We listen to the breathing beneath our breathing.
This is how the rain became rain, how we became human.”
                -Joy Harjo, from “It’s Raining in Honolulu,” which I first saw quoted in Daniel Heath Justice’s Why Indigenous Literatures Matter

                My friends, I was writing a different Uproar post—perhaps for next week–when the wind shifted in the window and then it was raining. Clouds’ fingers dancing on the deck. Then I was outside, too, surprised and opened by how thick the water fell. Then I was crouching beneath a little tree in my backyard, making sure the rain barrel was closed, water stitching down around us, earth into sky, now into before into after. Life into life.
                Rain opens us, like flowers.
                There’s been a drought here. The plants lying down, one kind after another, beneath the dry heat. Until I see wilted ground cover like ragged carpet over hard dirt. Now I’m back inside, skin still slicked, long enough to write down that I think the plant stems will lift back up with this. Like I feel myself lifting.
                We listen to the breathing beneath our breathing.
                Long enough, and no longer. And back outside to feel the water soaking down, lavish, luscious, alive.
                This is how the rain became rain, how we became human.

525: “The Dark Gulp of the Sea” (Emily Tesh)

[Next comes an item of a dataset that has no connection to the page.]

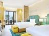 Dvojlôžková izba, guest s výhľadom na bazén: kúpeľňa/WC (sušič vlasov), klimatizácia, trezor, rádio, LCD TV/sat., set na prípravu kávy a čaju, minibar za poplatok, žehlička, balkón, výhľad na bazén, vo vzdialenejšej budove. Ostatné typy izieb (pokiaľ nie je uvedené inak, majú izby vyššie uvedené vybavenie) Dvojlôžková izba, guest, výhľad ostrov: v hlavnej budove, nižšie poschodie bez výhľadu na more. Dvojlôžková izba, guest s výhľadom na more: výhľad na more, v hlavnej budove. Dvojlôžková izba, deluxe: priestrannejšia, vo vilkách. 45 m2 Dvojlôžková izba, bay club výhľad mora: moderné izby, v bočných päťposchodových budovách, Nespresso, gauč, výhľad na more. 45 m2 Dvojlôžková izba, bay club so vstupom na pláž na prízemí: viď dvojlôžková izba bay club výhľad mora, na prízemí s priamym vstupom na pláž. 45 m2 Rodinná izba, výhľad na more: výhľad na more, v hlavnej budove, 2 prepojené izby. 45 m2 Obsadenosť izieb Dvojlôžková izba : 2 dospelí + 1 dieťa / 2 dospelí / 1 dospelý + 2 deti / 1 dospelý + 1 dieťa / 1 dospelý Dvojlôžková izba (Deluxe, Bay Club): 3 dospelí / 2 dospelí + 2 deti / 2 dospelí + 1 dieťa / 2 dospelí / 1 dospelý + 2 deti / 1 dospelý + 1 dieťa / 1 dospelý. Rodinná izba : 4 dospelí + 1 dieťa / 4 dospelí / 3 dospelí + 2 deti / 3 dospelí + 1 dieťa / 2 dospelí + 3 deti / 2 dospelí + 2 deti. Dieťa do 14 rokov V izbách dvojlôžková izba s výhľadom na bazén a na more, pri ubytovaní 2 dospelých sú k dispozícii dve twin postele/alebo jedna king, s 1 dieťaťom k dispozícii 1 posteľ typu king a 1 prístelka. V izbách typu Deluxe a BayClub je k dispozícii max. 1 prístelka. V prípade 2 detí sú k dispozícii 2 postele typu queen. V Rodinnej izbe je prístelka k dispozícii. Infant nad rámec max.obsadenosti izby je možný iba v izbách Deluxe a Bay Club.

                “So it came now, the dark gulp of the sea, roaring through the Wood.” -Emily Tesh, Drowned Country, p. 129

                Emily Tesh’s Drowned Country walks, in part, through an ocean that was once forest before the waters flooded over. Through the twists and turns of the book’s magic, a knot of friends travel back and forth through time: from the ocean bluffs they were born near to the Woods that lived there before the ocean washed over the land, and back again.
                In Illinois I live on earth that was once oceanfloor, and before that was forestfloor. Earth that knew glaciers and their long melting. I remember one of my first walks when I moved here, staring up at the clouds, trying to recognize the wonderful beauty of this particular place. The closest I could get was a scrap of song: the sky here’s like an ocean.
                I can’t travel like Tesh’s characters. But outside today, I wonder if we all walk the same grand changes. Forested bluffs worn away to oceans. I’ve been in those rolling waves. Lakes filled in with silt till they’re meadows. I’ve disappeared into those shallows. In my short lifespan it can be hard for me to see the currents of these changes. The Woods (Tesh says) see them differently. So today I’m watching the trees, thinking about what they might see, wondering what I can feel of time and earth and sky painting together.